July 7, 2013 in Business

Rethinking startup can be pivotal experience

Wailin Wong Chicago Tribune

From left, David Feldman, Chris Zamierowski and Chris Youkhana of BetterFly work at Lightbank, a venture capital firm with offices in Chicago.
(Full-size photo)

It requires emotional detachment yet total passion. It might involve killing a business in order to save it. It’s by turns agonizing, rewarding, humbling and empowering. And everyone who’s done it seems to have a slightly different idea of what it is.

It’s the pivot.

An essential concept in the startup world, pivoting means doing something differently, often under time constraints as cash and investor patience dwindle. A pivot could involve changing a product to reach the same target market, going after a different market with the same product or preserving a small piece of existing technology to form an entirely different business. Entrepreneurs and venture capitalists don’t always agree about when a tweak becomes a full pivot, or when a pivot becomes a do-over. But they do say startups have to be open to change.

“There’s a mistaken belief by a lot of entrepreneurs that ‘Hey, I spent three years building this thing; I’ve put in a lot of time and effort, so inherently it’s worth something,’” said Paul Lee, a partner at Chicago-based venture firm Lightbank. “But the market is telling you what it’s worth, and it’s not the work you put into it. If you look at it clinically and take off the effort lens, it becomes a very easy decision.”

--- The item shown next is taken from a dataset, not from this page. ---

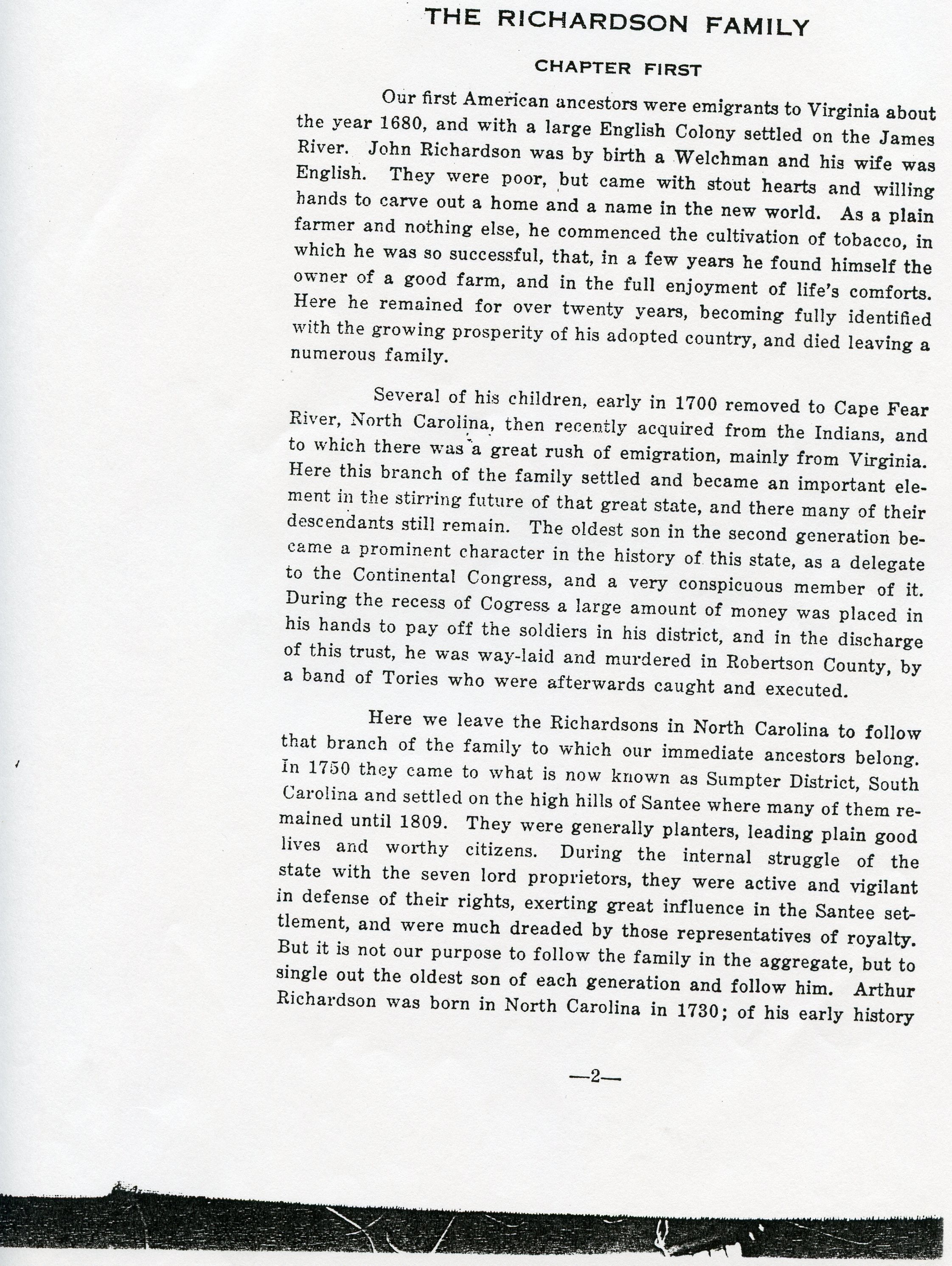 Son of Arthur Richardson; born 1760, near Statesburg, Sumter District,

Startups certainly didn’t invent the idea of adapting to market forces. But it is a testament to Silicon Valley’s optimism and flair for salesmanship that it coined a euphemism for, as veteran tech writer Kara Swisher put it in a recent Vanity Fair profile of mobile photo-sharing service Instagram, “saying you’ve screwed up and are starting over.”

The most famous Chicago pivot in recent history belongs to Groupon, which started out as The Point, a company focused on organizing collective social action. A campaign would be activated only if a minimum number of people pledged support. This tipping point model was later applied to negotiating discounted products and services with local merchants.

Lightbank’s founders, Eric Lefkofsky and Brad Keywell, were also Groupon’s earliest investors. The venture capital firm has guided many of its portfolio companies through pivots. The process must be data-driven and move quickly, said Lee, who believes entrepreneurs can typically gauge whether an idea is working within 90 days.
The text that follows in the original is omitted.